F. Keyvanfard 1, M. A. Shoorehdeli 2, M. Teshnehlab 3

1Electrical and Computer Eng. Dep, K. N. Toosi University of Technology, Tehran, 16315-1355, Iran

2Faculty of Electrical Engineering, Department of Mechatronics Engineering, Advanced Process Automation & Control Laboratory (APAC), K.N. Toosi University of Technology, Tehran, 16315-1355, Iran

3Faculty of Electrical Engineering, Department of Control Engineering, K. N. Toosi University of Technology, Tehran, 16315-1355, Iran

Correspondence to: F. Keyvanfard , Electrical and Computer Eng.

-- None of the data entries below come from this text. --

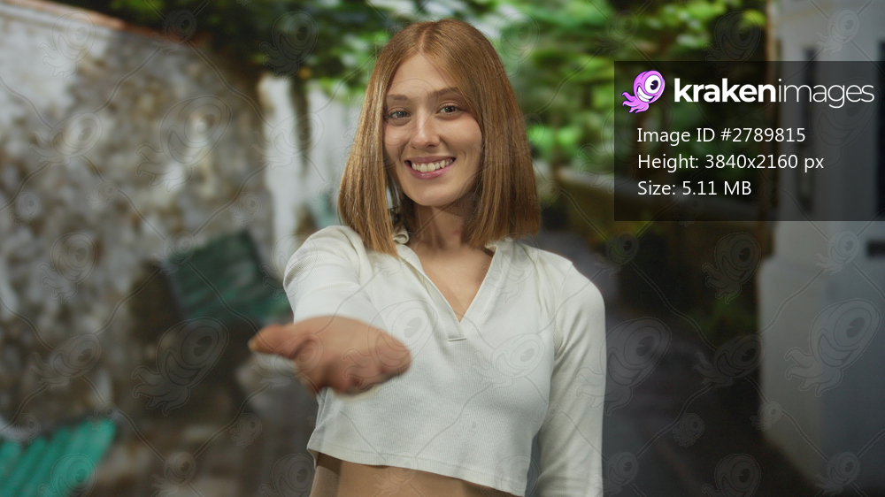 Young blonde woman smiling outdoors in a casual setting, reaching out her hand in a friendly gesture, surrounded by greenery and stone walls on a sunny day. - Kraken Images
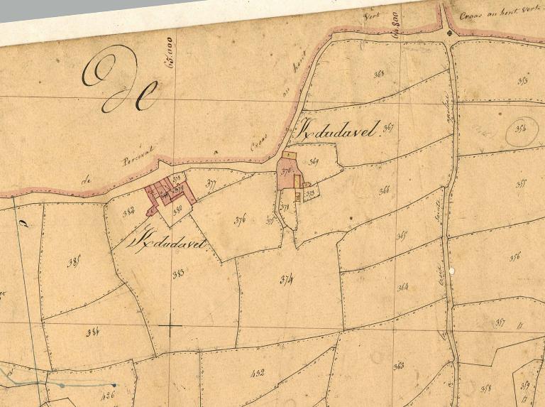 Cet ensemble bâti ancien, à la fois résidence d'un prêtre ou d'un ecclésiastique au 17e siècle et exploitation agricole, est situé entre Trémel et Plouégat-Guérand. Établi à 88 mètres au-dessus du niveau de la mer - non loin du Douron situé à l'ouest - il est alimenté en eau par un puits maçonné. Le site est accessible depuis le nord par le chemin du moulin à eau de Perceval à Croas an Hent Vert. Le toponyme "K[er]dudavel" est mentionné sur les cadastres de 1814 et 1848.
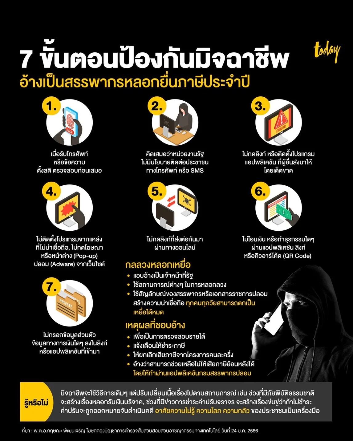 จึงขอย้ำเตือนประชาชน อย่าหลงเชื่อการแอบอ้างเป็นเจ้าหน้าที่สรรพากรโทรหา ส่ง SMS แจ้งให้ประชาชนยื่นแบบหรือให้ชำระภาษีประจำปี เพราะอาจทำให้ท่านได้รับความเสียหายต้องสูญเสียทรัพย์สินได้
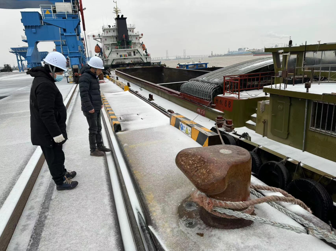 響水港區(qū)啟動(dòng)氣象災(zāi)害 (道路結(jié)冰、寒潮、暴雪)應(yīng)急響應(yīng),對(duì)靠泊碼頭的船舶、設(shè)備防風(fēng)工作作出周密部署和安排。對(duì)機(jī)械設(shè)備防風(fēng)裝置及風(fēng)速儀等設(shè)施進(jìn)行逐一排查,切實(shí)做好大型設(shè)備標(biāo)準(zhǔn)防風(fēng)工作;對(duì)靠港船舶檢查防滑網(wǎng)、扶手繩等,并要求全部船舶按照規(guī)范要求系泊纜繩;對(duì)變電所、箱變、輸電線路等設(shè)施進(jìn)行了統(tǒng)一檢查,排除用電安全隱患,全方位保障生產(chǎn)安全穩(wěn)定。
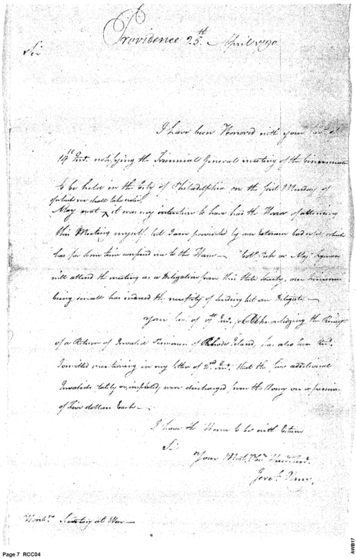 Document ViewerRegarding the Society of the Cincinnati, Invalid Pensions, & Rhode Island Politics
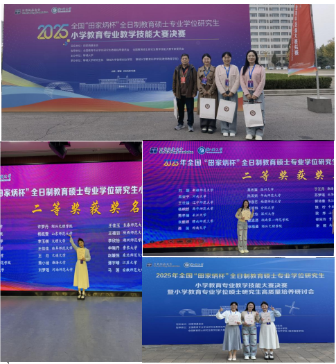 2025年10月25日,在山东聊城举办的全国“田家炳杯”全日制教育硕士专业学位研究生小学教育领域教学技能大赛决赛中,由来自全国104所院校的278名选手参赛,我院杜海平老师带队小学教育方向2023级徐榕晨、许梦丹、张广宁参加比赛。经过激烈角逐,徐榕晨、许梦丹同学获全国二等奖,张广宁同学获全国三等奖!
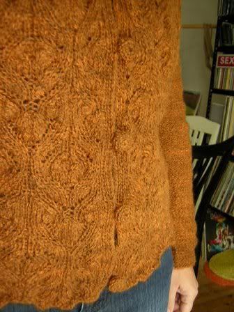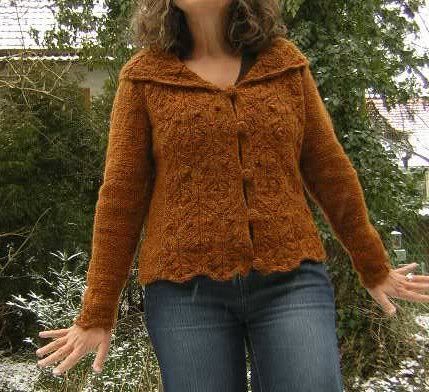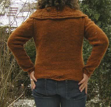 Endlich hatte ich mal wieder Zeit, meine eigenen Sachen zu stricken. Und heute bin ich gerade rechtzeitig fertig, um an die Nähmaschine zu gehen. Ich habe einfach nach Erfahrungswert und nach einem vollständigen Stern in der Mitte mit dem vorderen Halsausschnitt begonnen. Man kann hier auch ganz gut die Armausschnitte sehen, gell? Gegen alle FI-Regeln. :-)
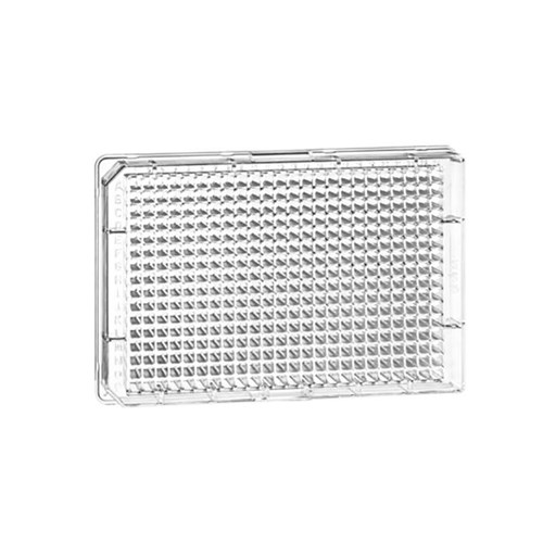 - Compared with the 96 well standard microplate, the number of wells is quadrupled in this microplate, combined with a volume reduction from 382 µl to 138 µl
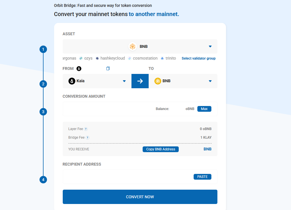 - Orbit Bridge 접속: https://bridge.orbitchain.io
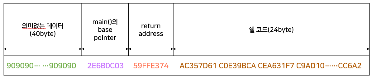 때문에 공격 코드의 바이트를 정렬할 때에는 byte order를 고려해야 한다.
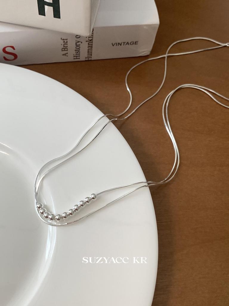 Doppellagige Metallhalskette mit runden Perlen für Damen - Modisches & vielseitiges Schlüsselbeinketten-Design
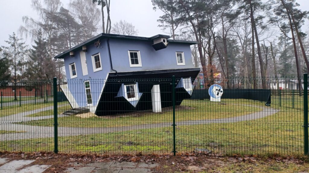 Im Ort selbst fällt noch das auf dem Kopf stehende Haus auf. So etwas ähnliches gibt es auch auf Usedom.
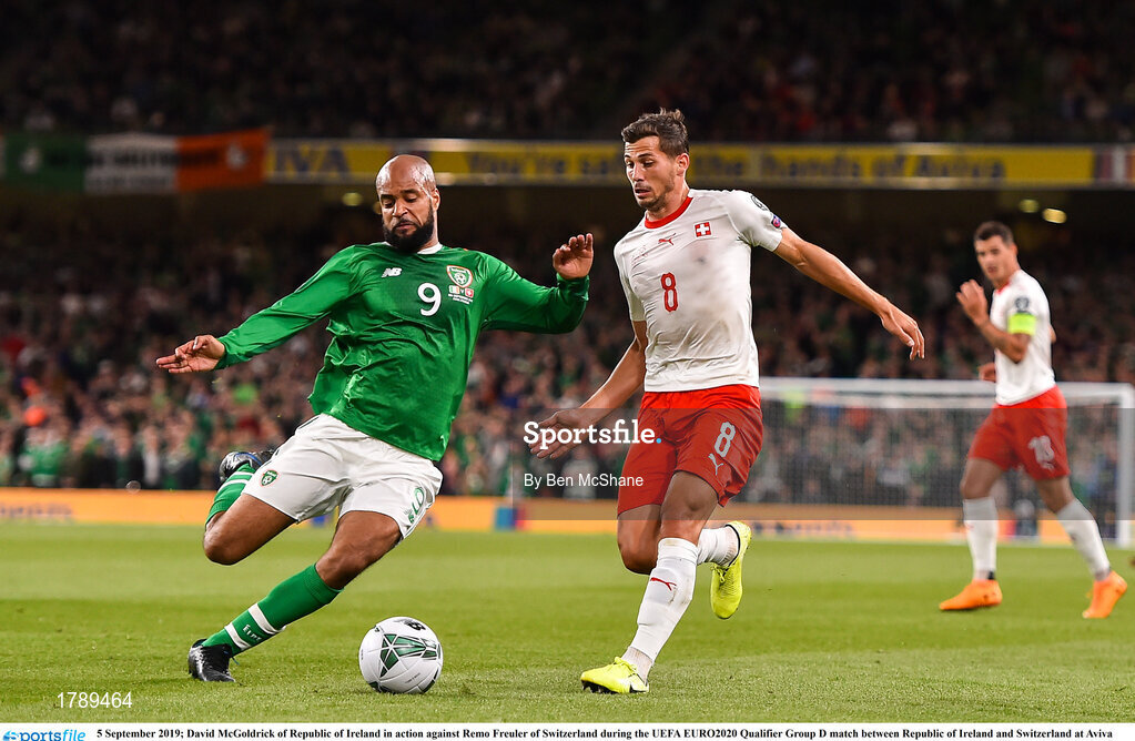 5 September 2019; David McGoldrick of Republic of Ireland in action against Remo Freuler of Switzerland during the UEFA EURO2020 Qualifier Group D match between Republic of Ireland and Switzerland at Aviva Stadium, Lansdowne Road in Dublin. Photo by Ben McShane/Sportsfile
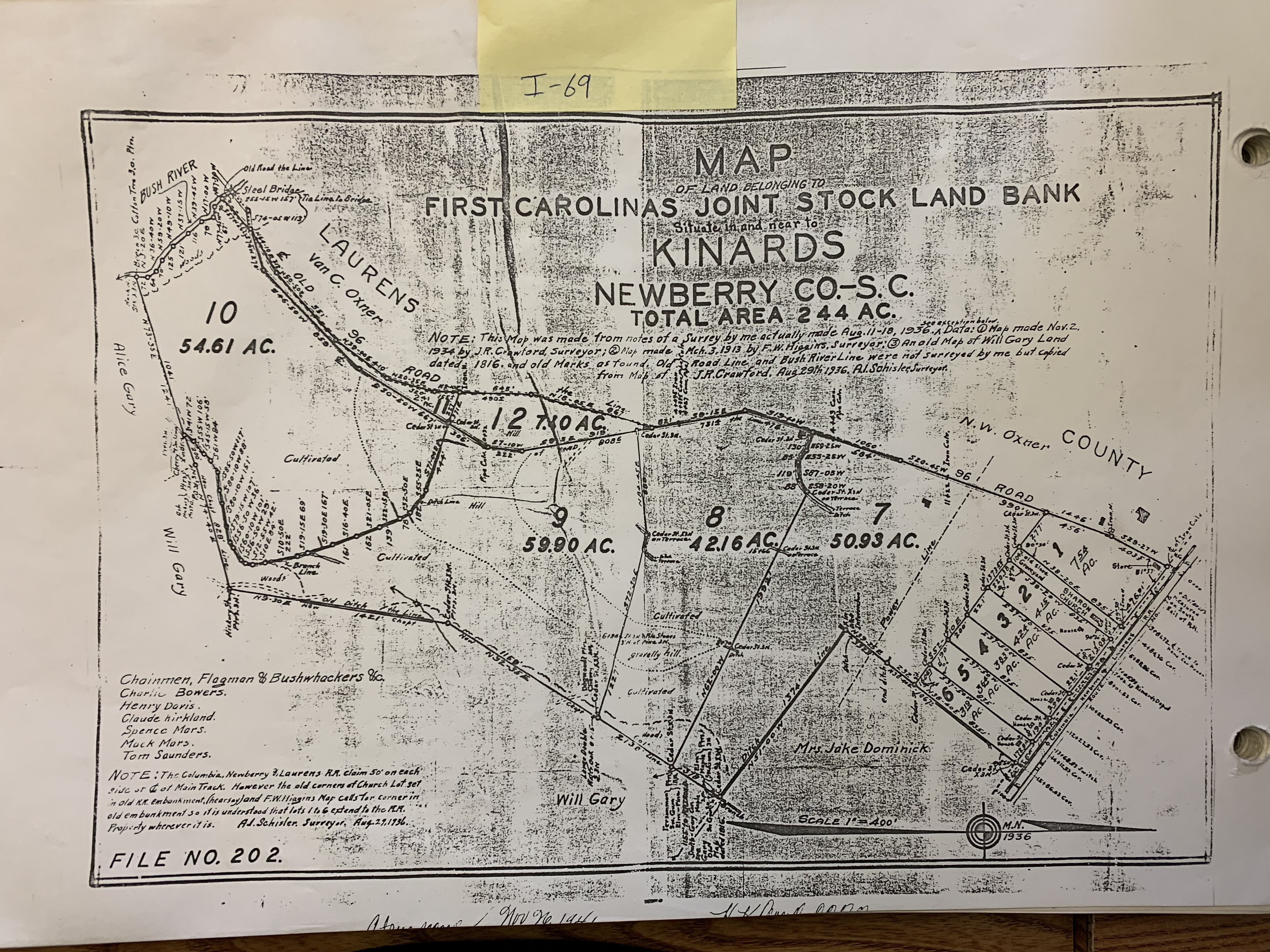 - BY A.I. SCHISLER: DATED AUG. 29, 1936; NEWBERRY COUNTY MB. I PG. 69.

Dep, K. N. Toosi University of Technology, Tehran, 16315-1355, Iran.

Email:

Copyright © 2012 Scientific & Academic Publishing. All Rights Reserved.

Abstract

Breast cancer Dynamic magnetic resonance imaging (MRI) has emerged as a powerful diagnostic tool for breast cancer detection due to its high sensitivity and has established a role where findings from conventional mammography techniques are equivocal[1]. In the clinical setting, the ANN has been widely applied in breast cancer diagnosis using a subjective impression of different features based on defined criteria. In this study, feature selection and classification methods based on Artificial Neural Network (ANN) and Support Vector Machine (SVM) are applied to classify breast cancer on dynamic Magnetic Resonance Imaging (MRI). The database including benign and malignant lesions is specified to select the features and classify with proposed methods. It was collected from 2004 to 2006. A forward selection method is applied to find the best features for classification. Moreover, several neural networks classifiers like MLP, PNN, GRNN and RBF has been presented on a total of 112 histopathologically verified breast lesions to classify into benign and malignant groups. Also support vector machine have been considered as classifiers. Training and recalling classifiers are obtained with considering four-fold cross validation.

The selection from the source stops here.